| TASK DESCRIPTION |
Output exactly the lines that come between the start of the material and the line containing "smartes Doppelflügeltoröffner-Kit, Smart-Paket", both ends included, with the pictures omitted.

| SUPPLIED DATA |
:::::
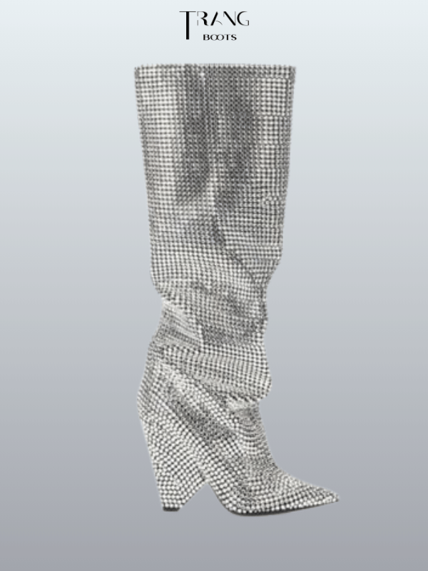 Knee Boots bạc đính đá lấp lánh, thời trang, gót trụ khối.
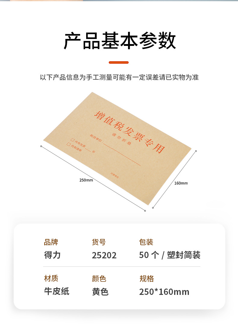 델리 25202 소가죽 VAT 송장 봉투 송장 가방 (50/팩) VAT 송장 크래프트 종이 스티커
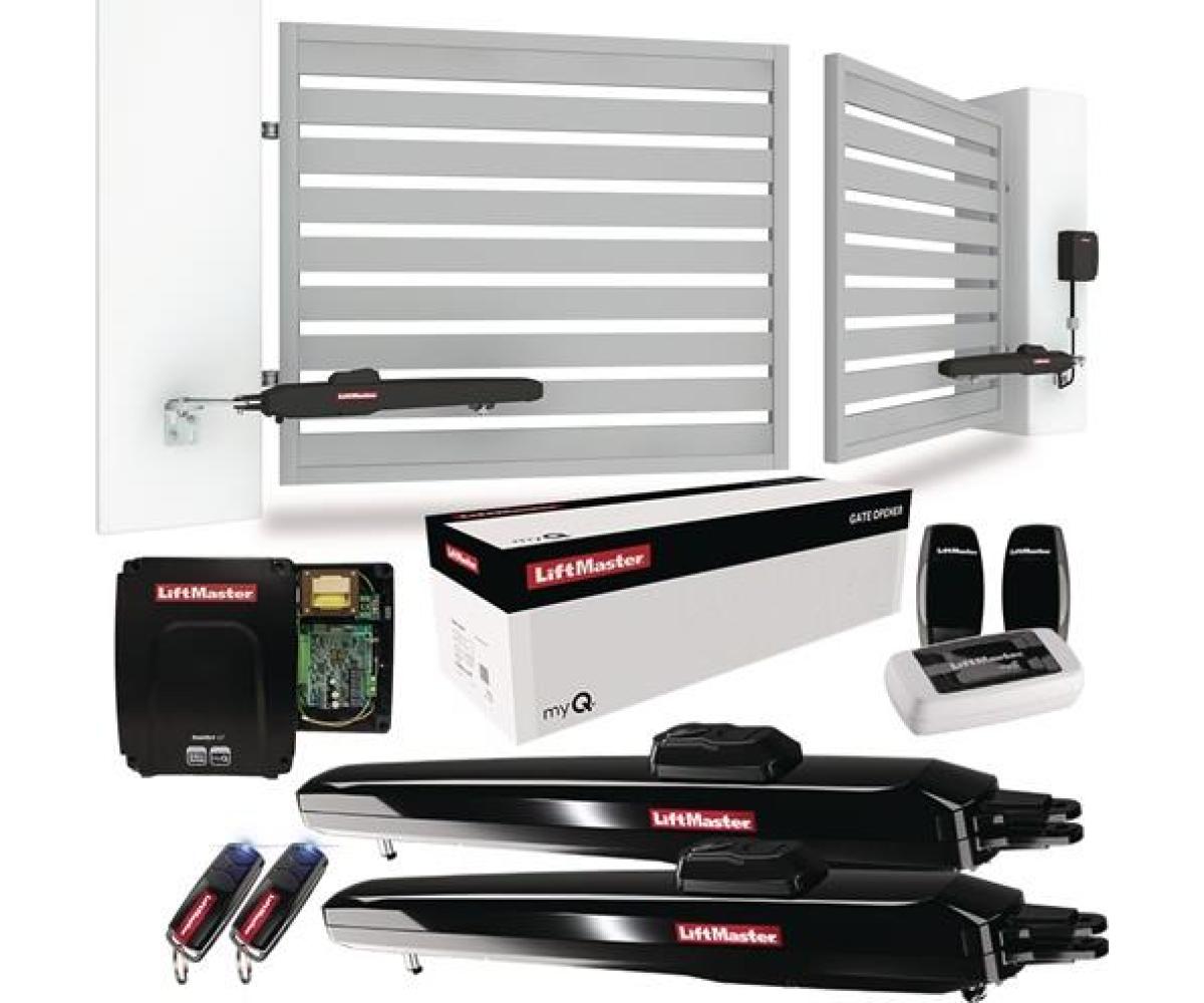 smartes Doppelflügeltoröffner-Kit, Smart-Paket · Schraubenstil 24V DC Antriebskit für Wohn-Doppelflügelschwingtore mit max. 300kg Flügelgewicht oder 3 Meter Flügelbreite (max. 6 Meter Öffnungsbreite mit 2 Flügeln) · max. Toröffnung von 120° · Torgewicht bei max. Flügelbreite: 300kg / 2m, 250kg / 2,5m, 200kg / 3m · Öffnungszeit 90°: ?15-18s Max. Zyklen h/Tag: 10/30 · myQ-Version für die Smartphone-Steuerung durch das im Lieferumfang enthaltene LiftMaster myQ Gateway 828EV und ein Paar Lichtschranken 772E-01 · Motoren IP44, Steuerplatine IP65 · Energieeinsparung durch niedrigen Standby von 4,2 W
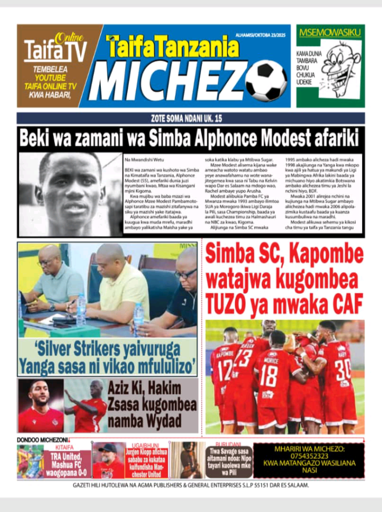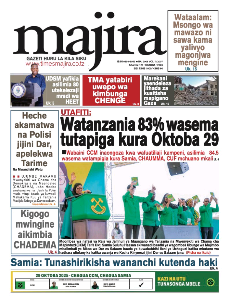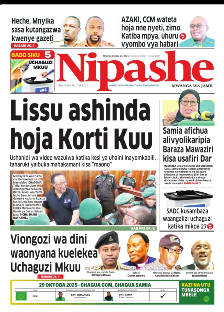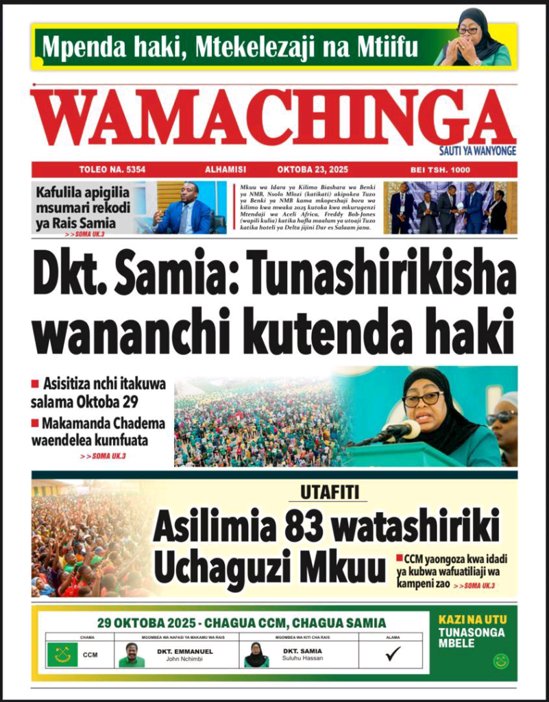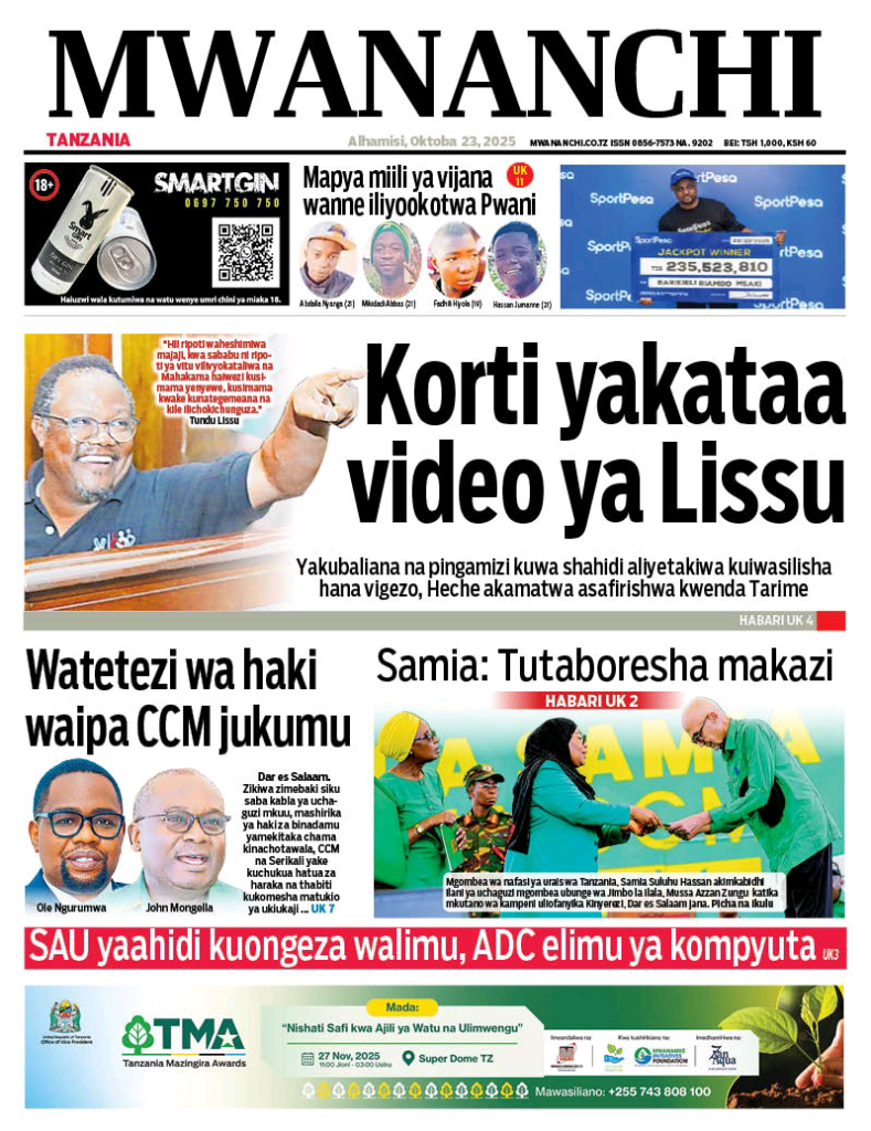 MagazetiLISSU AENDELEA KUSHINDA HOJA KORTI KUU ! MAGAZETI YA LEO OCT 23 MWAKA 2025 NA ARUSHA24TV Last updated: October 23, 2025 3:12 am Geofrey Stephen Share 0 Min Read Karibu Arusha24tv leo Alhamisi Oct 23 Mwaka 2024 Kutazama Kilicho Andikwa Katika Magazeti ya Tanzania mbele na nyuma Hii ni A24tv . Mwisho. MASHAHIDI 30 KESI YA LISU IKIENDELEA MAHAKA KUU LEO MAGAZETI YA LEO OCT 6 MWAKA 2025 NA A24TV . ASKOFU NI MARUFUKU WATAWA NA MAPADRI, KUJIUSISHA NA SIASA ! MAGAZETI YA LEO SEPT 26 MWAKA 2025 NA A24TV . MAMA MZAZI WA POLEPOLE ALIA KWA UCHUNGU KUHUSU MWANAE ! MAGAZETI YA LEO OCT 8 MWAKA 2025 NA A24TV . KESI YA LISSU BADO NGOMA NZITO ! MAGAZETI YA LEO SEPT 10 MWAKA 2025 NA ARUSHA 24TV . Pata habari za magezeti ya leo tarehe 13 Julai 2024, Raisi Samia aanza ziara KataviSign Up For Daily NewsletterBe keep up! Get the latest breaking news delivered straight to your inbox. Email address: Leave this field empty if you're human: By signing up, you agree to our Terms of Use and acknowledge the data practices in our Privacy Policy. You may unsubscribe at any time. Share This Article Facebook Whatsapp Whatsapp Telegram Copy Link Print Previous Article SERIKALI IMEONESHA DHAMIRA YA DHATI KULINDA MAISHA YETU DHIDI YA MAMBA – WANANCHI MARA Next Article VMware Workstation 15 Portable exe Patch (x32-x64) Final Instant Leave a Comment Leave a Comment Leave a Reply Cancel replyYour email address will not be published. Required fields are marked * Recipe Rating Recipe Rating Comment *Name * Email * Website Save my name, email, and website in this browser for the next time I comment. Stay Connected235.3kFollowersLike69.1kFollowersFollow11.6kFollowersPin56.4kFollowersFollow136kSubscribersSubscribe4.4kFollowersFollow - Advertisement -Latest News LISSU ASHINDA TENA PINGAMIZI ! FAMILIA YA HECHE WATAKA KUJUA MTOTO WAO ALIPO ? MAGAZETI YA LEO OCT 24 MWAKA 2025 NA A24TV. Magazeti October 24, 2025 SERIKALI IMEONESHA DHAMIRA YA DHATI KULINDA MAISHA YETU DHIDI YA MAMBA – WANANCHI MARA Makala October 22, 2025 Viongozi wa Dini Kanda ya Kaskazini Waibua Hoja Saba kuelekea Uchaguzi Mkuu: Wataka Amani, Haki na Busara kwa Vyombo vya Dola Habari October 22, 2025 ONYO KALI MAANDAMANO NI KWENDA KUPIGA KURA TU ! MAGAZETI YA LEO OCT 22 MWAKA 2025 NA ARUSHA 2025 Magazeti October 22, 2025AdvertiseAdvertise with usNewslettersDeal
:::::
| ANSWER SPACE |
 Knee Boots bạc đính đá lấp lánh, thời trang, gót trụ khối.
 델리 25202 소가죽 VAT 송장 봉투 송장 가방 (50/팩) VAT 송장 크래프트 종이 스티커
 smartes Doppelflügeltoröffner-Kit, Smart-Paket · Schraubenstil 24V DC Antriebskit für Wohn-Doppelflügelschwingtore mit max. 300kg Flügelgewicht oder 3 Meter Flügelbreite (max. 6 Meter Öffnungsbreite mit 2 Flügeln) · max. Toröffnung von 120° · Torgewicht bei max. Flügelbreite: 300kg / 2m, 250kg / 2,5m, 200kg / 3m · Öffnungszeit 90°: ?15-18s Max. Zyklen h/Tag: 10/30 · myQ-Version für die Smartphone-Steuerung durch das im Lieferumfang enthaltene LiftMaster myQ Gateway 828EV und ein Paar Lichtschranken 772E-01 · Motoren IP44, Steuerplatine IP65 · Energieeinsparung durch niedrigen Standby von 4,2 W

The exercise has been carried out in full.